Segment Start: RECORDS PROVIDED
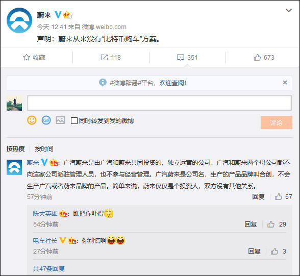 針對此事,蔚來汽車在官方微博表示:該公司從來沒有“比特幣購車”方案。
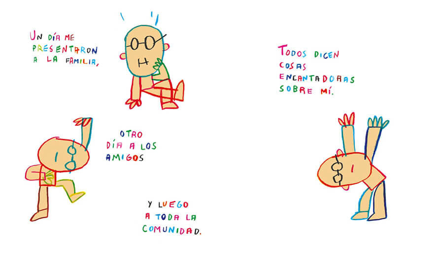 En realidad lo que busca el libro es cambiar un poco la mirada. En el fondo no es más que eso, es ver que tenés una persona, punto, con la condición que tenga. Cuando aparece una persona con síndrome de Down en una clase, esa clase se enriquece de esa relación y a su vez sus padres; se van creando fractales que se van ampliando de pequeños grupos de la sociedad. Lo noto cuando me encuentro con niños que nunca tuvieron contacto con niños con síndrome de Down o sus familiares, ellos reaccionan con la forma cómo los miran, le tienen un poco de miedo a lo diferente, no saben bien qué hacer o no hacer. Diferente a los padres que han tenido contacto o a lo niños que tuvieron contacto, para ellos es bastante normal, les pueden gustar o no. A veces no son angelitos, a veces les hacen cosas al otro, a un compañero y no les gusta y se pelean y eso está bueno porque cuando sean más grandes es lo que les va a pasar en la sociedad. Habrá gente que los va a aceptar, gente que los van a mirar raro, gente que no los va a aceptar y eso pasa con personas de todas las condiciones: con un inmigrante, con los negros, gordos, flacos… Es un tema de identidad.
Segment End: RECORDS PROVIDED
Segment Start: RECORDS PROVIDED
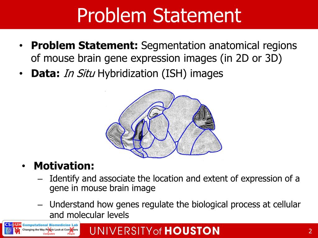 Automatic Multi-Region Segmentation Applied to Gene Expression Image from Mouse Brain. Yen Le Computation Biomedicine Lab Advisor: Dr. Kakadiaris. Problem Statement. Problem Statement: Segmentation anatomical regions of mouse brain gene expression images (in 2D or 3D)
Segment End: RECORDS PROVIDED
Segment Start: RECORDS PROVIDED
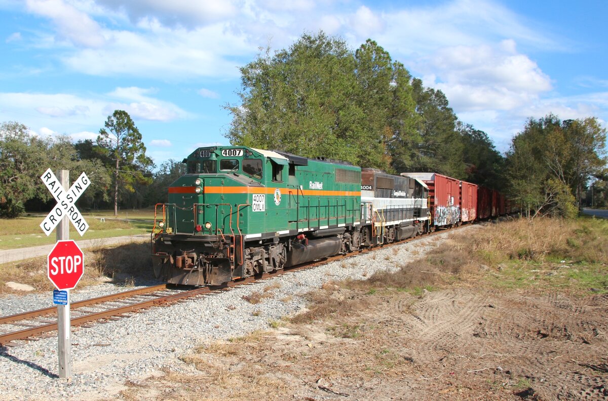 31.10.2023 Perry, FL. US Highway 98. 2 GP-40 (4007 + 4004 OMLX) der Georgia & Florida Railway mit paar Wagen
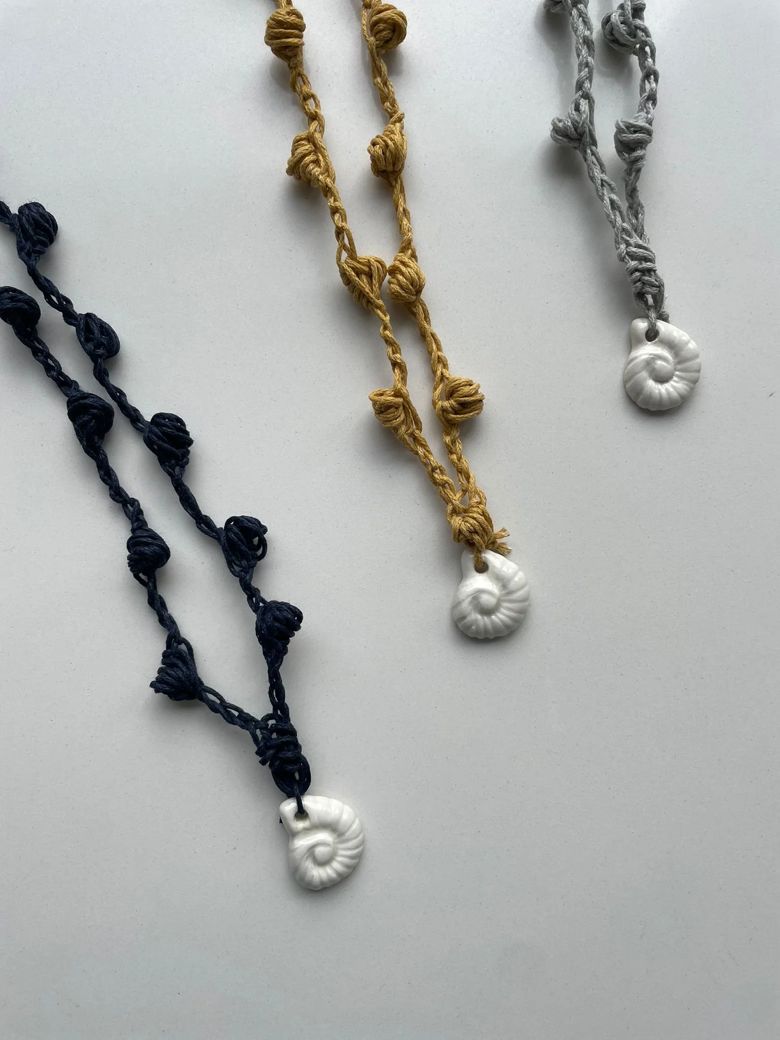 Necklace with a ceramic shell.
Segment End: RECORDS PROVIDED
▶ EXERCISE PROMPT: Would you copy out, exactly and with no pictures, only the lines above from the one that contains "31.10.2023 Perry, FL." through the one that contains "Necklace with a ceramic shell."?

▶ ANSWER SPACE:
 31.10.2023 Perry, FL. US Highway 98. 2 GP-40 (4007 + 4004 OMLX) der Georgia & Florida Railway mit paar Wagen
 Necklace with a ceramic shell.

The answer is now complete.